Никому не хотелось первым влезать в эту штуку, но нас поторопила молодая женщина, обутая в валенки, хотя на дворе стояло лето.

– Давайте быстрее, а то уеду! – закричала она. Мы все разом облепили вагон. Шум поднялся, визг. Наконец все сели. Женщина в валенках обходила вагон, продавая билеты. С нас она денег не спросила, но и билетов не дала. Она объяснила, где нам выходить и в какую сторону потом идти.

– Сначала прямо, а потом налево, налево! – всё кричала она, высунувшись из окна, когда мы сошли с трамвая.

Не знаю я, какое учреждение мы разыскивали, но расположено оно было в доме с множеством этажей (сосчитать не догадался), в таком высоком, что, если захочешь увидеть крышу, тюбетейка слетит с головы.
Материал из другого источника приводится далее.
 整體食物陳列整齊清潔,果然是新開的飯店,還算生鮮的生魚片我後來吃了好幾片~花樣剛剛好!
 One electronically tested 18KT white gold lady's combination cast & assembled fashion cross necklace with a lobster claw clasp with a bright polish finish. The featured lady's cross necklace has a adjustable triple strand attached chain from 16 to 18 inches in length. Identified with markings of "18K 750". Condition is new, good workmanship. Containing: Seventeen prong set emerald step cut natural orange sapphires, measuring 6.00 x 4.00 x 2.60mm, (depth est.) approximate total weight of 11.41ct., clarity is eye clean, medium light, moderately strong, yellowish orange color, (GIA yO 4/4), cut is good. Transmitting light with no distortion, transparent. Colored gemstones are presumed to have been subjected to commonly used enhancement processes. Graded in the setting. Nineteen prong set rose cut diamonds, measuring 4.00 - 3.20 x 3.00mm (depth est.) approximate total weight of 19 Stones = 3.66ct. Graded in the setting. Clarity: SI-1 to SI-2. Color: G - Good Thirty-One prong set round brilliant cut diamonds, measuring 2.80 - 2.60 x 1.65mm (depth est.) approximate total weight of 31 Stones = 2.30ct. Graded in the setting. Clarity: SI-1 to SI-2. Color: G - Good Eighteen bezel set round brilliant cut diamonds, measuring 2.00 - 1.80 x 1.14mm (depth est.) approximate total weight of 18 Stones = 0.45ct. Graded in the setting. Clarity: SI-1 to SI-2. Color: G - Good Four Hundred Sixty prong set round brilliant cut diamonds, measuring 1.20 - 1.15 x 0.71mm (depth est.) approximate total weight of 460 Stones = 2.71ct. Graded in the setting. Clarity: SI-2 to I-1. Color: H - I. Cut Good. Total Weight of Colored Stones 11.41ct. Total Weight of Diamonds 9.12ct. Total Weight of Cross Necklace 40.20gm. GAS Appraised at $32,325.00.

Таких домов я ещё не видывал, думал, в него надо забираться по лесенке, но оказалось, что внутри есть ступеньки, ведущие вверх. Мария Павловна оставила нас на улице, сама поднялась наверх. Мы прождали полчаса, час, почитай, целую вечность, а директора нашего всё не было.

– А вдруг она нас здесь бросила? – с ужасом спросил Вечноголодный, чуть не плача. У меня сжалось сердце: я вспомнил, как совсем недавно какая-то женщина бросила своих детей возле нашего детдома.

– Пойдём поищем её там, – предложил я. Вечноголодный согласился. Мы бегом помчались по ступенькам наверх и вскоре увидели нашу Марию Павловну. Она спорила с каким-то маленьким, тщедушным человечком. У него был громкий, грубый голос.

– Да что они там, в области, совсем голову потеряли?! – кричал он. – Своих сирот не знаем куда девать, а они!.. Ну, я с ними ещё поговорю! Где ваши дети?

– Внизу ждут.

Мы бросились вниз, чтобы не столкнуться с этим крикуном. Следом за нами выскочил тщедушный человечек. Он некоторое время пристально разглядывал нас.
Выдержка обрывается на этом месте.